I first noticed this with my optimized Sun compiler build, but to
simplify things, I verified it with gcc by running configure like
this:

  % export CFLAGS='-m64'
  % export DLDFLAGS='-m64'
  % export LDFLAGS='-m64'
  % /src/lang/ruby/ruby-1.8.2/configure --prefix=/tmp/slumos/ruby \
    CFLAGS='-m64' LDFLAGS='-m64' DLDFLAGS='-m64'

Here's a partial syscall trace.

accept(5, 0xFFFFFFFF7FFDDD30, 0xFFFFFFFF7FFDDD2C, 1) = 6
        AF_INET name = 131.216.20.6 port = 36644
setsockopt(6, 6, 1, 0xFFFFFFFF7FFDA3CC, 4, 1) = 0
fcntl(6, F_SETFD, 0x00000001) = 0
brk(0x1006EE300) = 0
brk(0x10070E300) = 0
read(6, 0x100468CA4, 1024) = 124
  \0\0\00304\b 0\0\0\0\n04\b "\v r e g i s t\0\0\00404\b i07\0\0\0
  0F04\b "10 u t _ a r r a y . r b\0\0\0 A04\b u :13 D R b : : D R
   b O b j e c t 204\b [07 " % d r u b y : / / j i m i . i s r i .

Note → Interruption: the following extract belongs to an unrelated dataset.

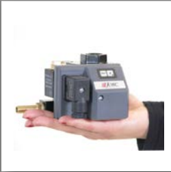
Small & lightweight

   u n l v . e d u : 3 6 6 4 3 l +0718 F1F80\0\0\00304\b 0
so_socket(2, 2, 0, "", 1) = 7
fcntl(7, F_GETFL, 0x00000000) = 2
fstat(7, 0xFFFFFFFF7FFD60B0) = 0
    d=0x0000012D00000000 i=62970 m=0140666 l=0 u=0 g=0 sz=0
        at = Aug 19 16:48:12 PDT 2005 [ 1124495292 ]

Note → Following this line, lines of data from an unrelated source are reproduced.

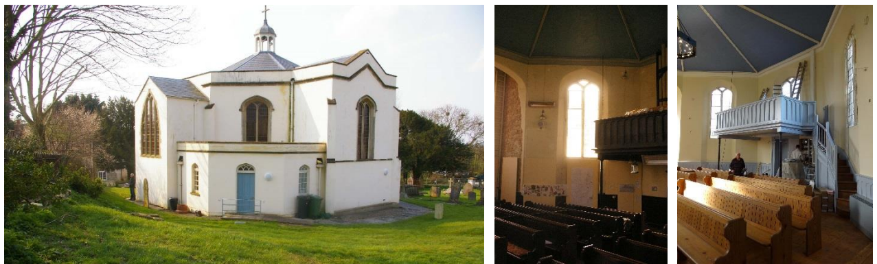
External render was repaired. Internal walls, ceiling, lighting and joinery before and after completion of the works.

This octagonal Grade II listed Gothic Revival building is a rare example of a rural Georgian chapel.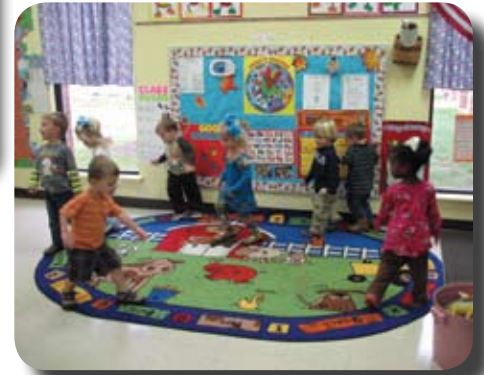
"Moving to the Music"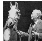
FAY-EL-DINE 1934 AHR 1170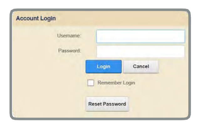
Step 3: Click 'Cyber Risk Management' to access Tokio Marine HCC website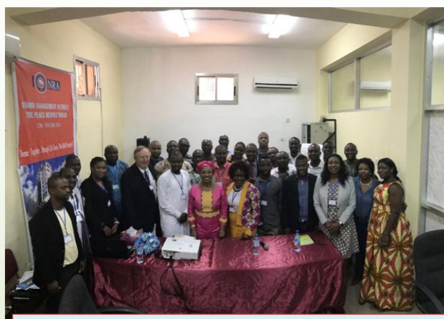
Facilitators and participants with NRA Commissioner General (M)

To assist AFW2 member countries to improve domestic resource mobilization, AFW2 has embarked on a data matching project with various member countries as part of measures to promote compliance using more effective risk-based compliance management and enforcement. As part of this effort, a one week regional training workshop on data matching and analysis tools was organized for public officials from all the six AFW2 revenue agencies. Specifically, this training helped to strengthen capacity to use third party data to identify revenue leakages.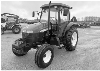
'07 NH TD80D, approx. 3,000 hrs, 72 hp, powershift, 2 mid-mount lines, 540 PTO, 2 remotes, $24,900. (M)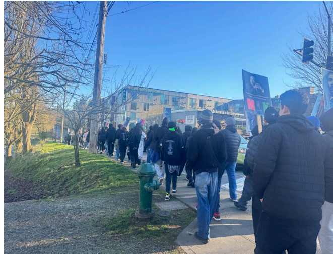
Youth-led Martin Luther King, Jr. Day of Celebration

        mt = Aug 19 16:48:12 PDT 2005 [ 1124495292 ]
        ct = Aug 19 16:48:12 PDT 2005 [ 1124495292 ]
    bsz=8192 blks=0 fs=ufs
getsockopt(7, 65535, 8192, 0xFFFFFFFF7FFD61E8, 0xFFFFFFFF7FFD61E0, -2147656320)
= 0
fstat(7, 0xFFFFFFFF7FFD60B0) = 0
    d=0x0000012D00000000 i=62970 m=0140666 l=0 u=0 g=0 sz=0
        at = Aug 19 16:48:12 PDT 2005 [ 1124495292 ]

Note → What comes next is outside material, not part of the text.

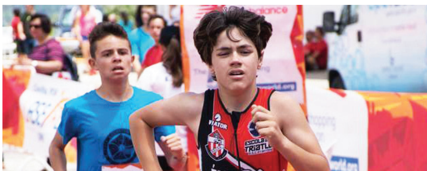
Laser-Run City Tour 2017, Covilha (POR), 03/06/17

        mt = Aug 19 16:48:12 PDT 2005 [ 1124495292 ]
        ct = Aug 19 16:48:12 PDT 2005 [ 1124495292 ]
    bsz=8192 blks=0 fs=ufs
getsockopt(7, 65535, 8192, 0xFFFFFFFF7FFD61E8, 0xFFFFFFFF7FFD61E4, -2147656320)
= 0
setsockopt(7, 65535, 8192, 0xFFFFFFFF7FFD61E8, 4, -2147656320) = 0
fcntl(7, F_SETFL, 0x00000006) = 0
connect(7, 0x1004029E0, 16, 1) = 0
        AF_INET name = 131.216.20.6 port = 36643
fstat(7, 0xFFFFFFFF7FFD60B0) = 0
    d=0x0000012D00000000 i=62970 m=0140666 l=0 u=0 g=0 sz=0
        at = Aug 19 16:48:12 PDT 2005 [ 1124495292 ]
        mt = Aug 19 16:48:12 PDT 2005 [ 1124495292 ]
        ct = Aug 19 16:48:12 PDT 2005 [ 1124495292 ]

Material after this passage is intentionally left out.